Now, don't get me wrong there are a lot of other things that could be wrong with the machine if it doesn't want to move. But take a look at those needle bearings in the planetary gear. Don't go and pay the high dollar for the parts unless you have worn into the shaft or something like that. I purchased the bearings, new drive belt and friction wheel for $60. I have honestly been fighting this one off and on since it was a year or two old, and I just kind of put up with it. Once I saw what the parts were going to cost it was really looking like it was going to be a new machine.

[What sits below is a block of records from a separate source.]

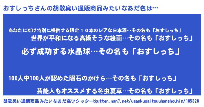 | 男性向けラノベタイトル風あだ名 | 『おすしっちの憂鬱』 |
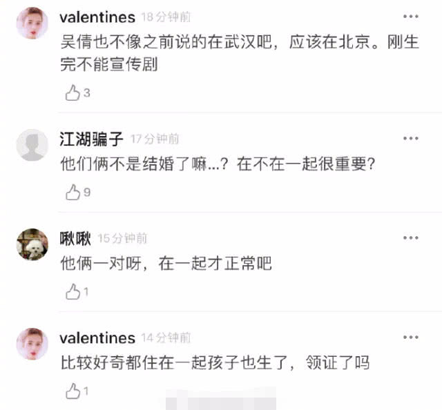 很多吃瓜群众对这两人的恋情瓜可能都吃懵了,反问道:“他俩一对呀,在一起才正常吧”“他们俩不是结婚了嘛?在不在一起很重要?”还有网友发出灵魂拷问:“比较好奇都住在一起,孩子也生了,领证了吗?”这个问题当然得由两位正主做出回答。
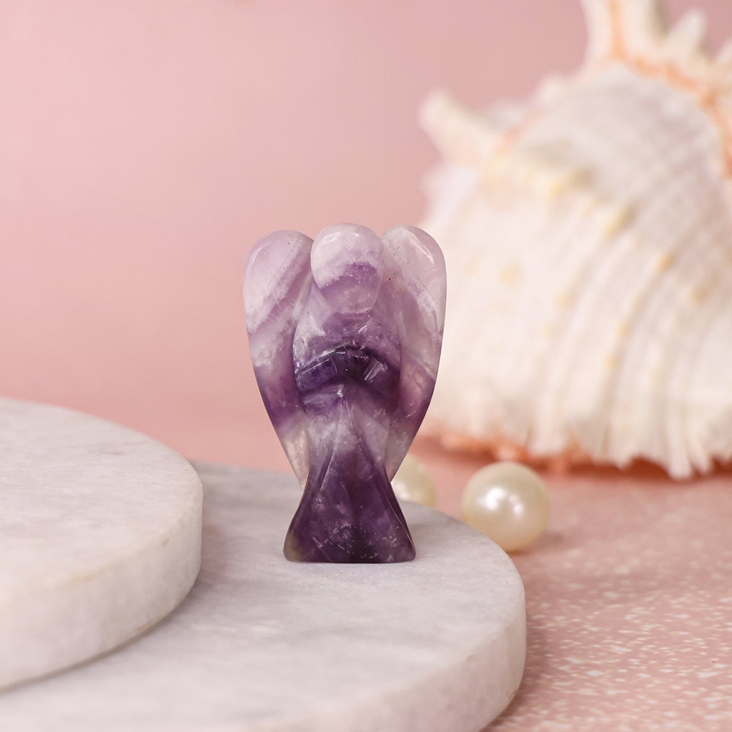 Представляем аметистового ангела Spiritual Sense, небесное воплощение спокойствия и духовности. Каждая фигурка ангела изготовлена из настоящего кристалла аметиста, который ценится за свои успокаивающие свойства и защитную ауру. Аметистовый ангел — прекрасный подарок, который отлично смотрится на алтарях или в местах для медитации. Это символ высшего сознания, интуиции и спокойствия. Позвольте его мягкому присутствию побудить вас принять преобразующий потенциал духовного просветления и установить связь со своей внутренней мудростью. Используйте Amethyst Angel от Spiritual Sense, чтобы улучшить свою духовную практику и приветствовать ангельскую помощь в своей жизни.
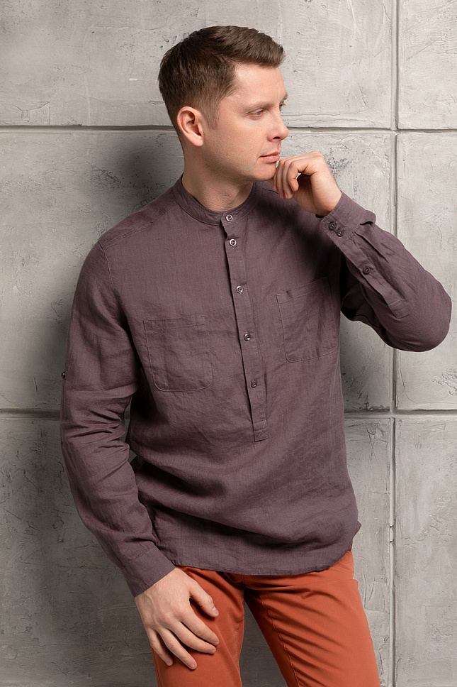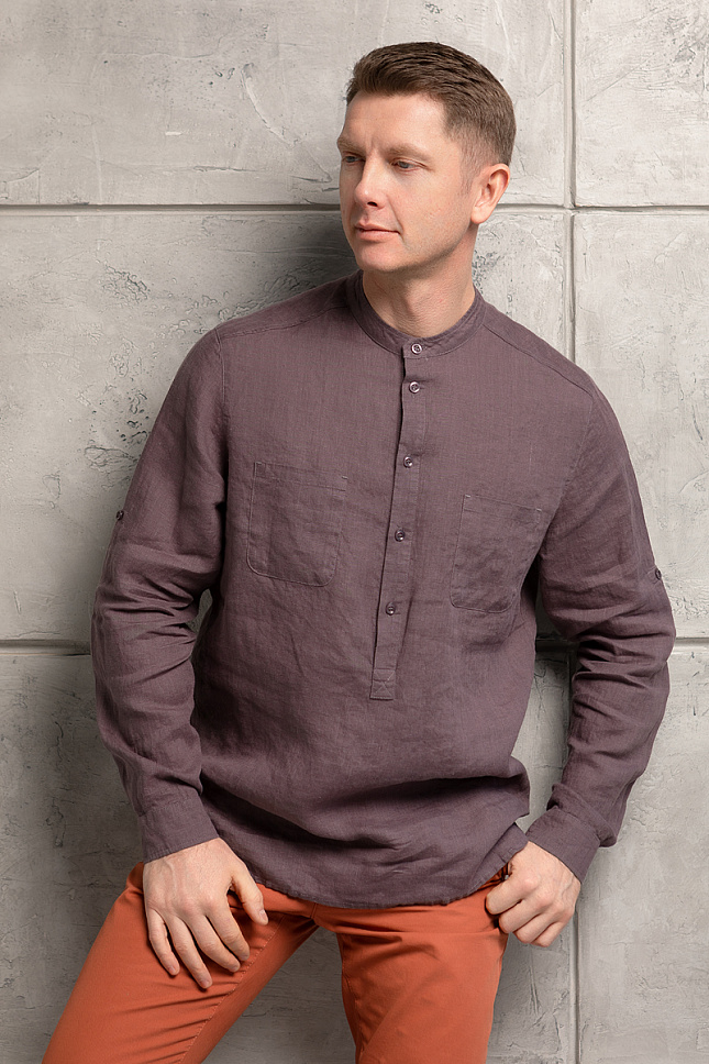 Если вы полагали, что атрибуты классического мужского костюма не способны к трансформации- вы ошибались. Возможности современной моды настолько велики и многогранны, что способны радовать и удивлять новинками каждый сезон. Вот и мужская сорочка не перестаёт меняться. Обратите внимание на представленную модель рубашки от Kayros! Гладкий, почти шелковистый поплин, сатин и твилл заменён на чуть небрежный лён, с его стильной жатой текстурой. Центральная планка на пуговицах трансформирована в застёжку-поло, привнося в модель большую лёгкость и меньшую чопорность. При таком решении уместно выглядит воротник стойка, который поддерживает лаконичность линий и форм. Длину рукава можно легко корректировать при помощи хлястика, расположенного с изнаночной стороны. Накладные карманы и изогнутый нижний срез намекает нам о стиле кэжуал, который «придётся по вкусу» любому мужчине и впишется в любой самый брутальный гардероб. Полуприлегающий силуэт рубашки способен хорошо сочетаться с самыми разнообразными брюками и джинсами.
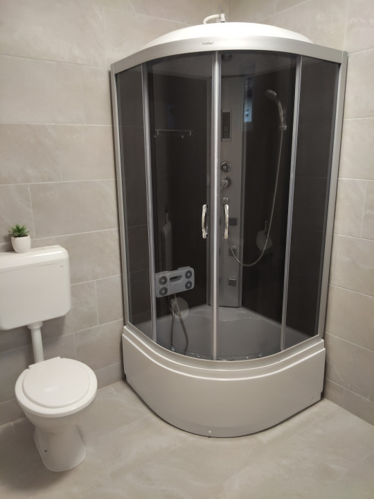 Fürdőszobában mennyezetig modern,,fiatalos szürke matt burkolat lett felhelyezett,mosdó,tükör,wc valamint egy magas sarok tálcás hidromasszázs zuhanykabin (rádió,LED fények,trópusi zuhany,lábmasszàzs funkció)
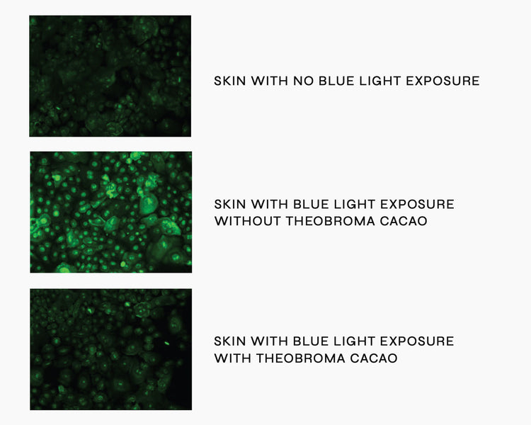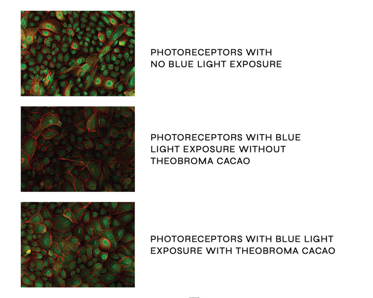 Cell images comparing how skin photoreceptors respond to blue light—with and without Theobroma Cacao.
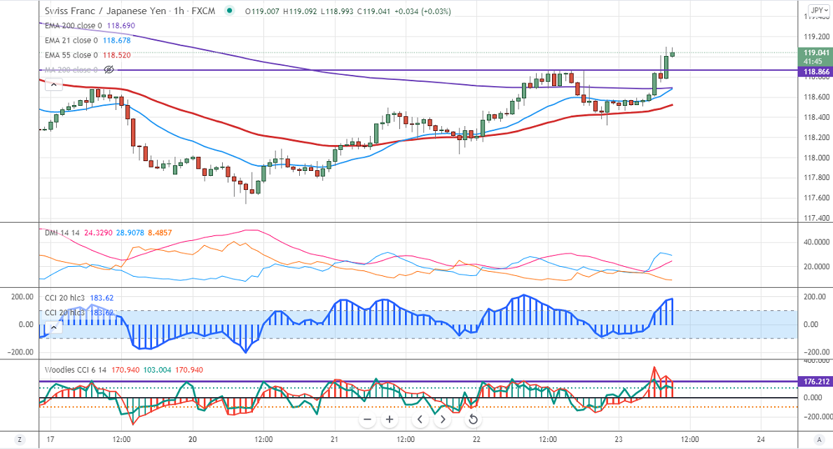 CHFJPY surged sharply after hitting a low of 118 on board-based Swiss franc buying. The global financial markets turmoil due to the Chinese Evergrande debt crisis has increase demand for Safe-haven like the Swiss franc. It hits an intraday high of 119.08 and is currently trading around 118.97.

But hopefully this will get me through another winter or two and then look for a better built snow blower from a different manufacture.


----------



## Kiss4aFrog

:welcome: to the forum stmoci


----------



## bad69cat

awesome first post too! I bet it will help somebody. Thanks for taking the time.... it's why I like these forums!


----------



## Frozen One

Awesome is the correct term ,my machine just stopped for the same fault 
you just saved me a lot of time hunting for the bearing.

Thanks a million


----------



## detdrbuzzard

hello stmoci, welcome to _*SBF*_ , fantastic first post
hello frozen one, welcome to _*SBF*_


----------



## 69ariens

Welcome to sbf and I hope you get your parts before the next storm.


----------



## steve_ny

*You sir, are awesome!*

I bought the 3 gears you described and fixed the planetary gear drive for $14 instead of $250 for the entire shaft... I didn't need a dremel tool, just used a 1/2"drive x 1/2" socket to "punch" out the old bearings. You actually can push out the "double" bearing in the inner gear with no issues... Anyways, i carefully put in the new bearings tapping them in carefully with a hammer and a piece of wood. They did not warp (see pictures!). Old bearings were toast. Some of the old needle bearings were gummed up into the outer housing and needed to be removed using a scraper and some brake cleaner (i used gumout because it was available). MAchine is back to 100% working. Thank you so much! Steve.


P.S. Buy the parts listed above and it works perfectly. I have attached pictures of the job... Nope, too hard to attach pictures.


----------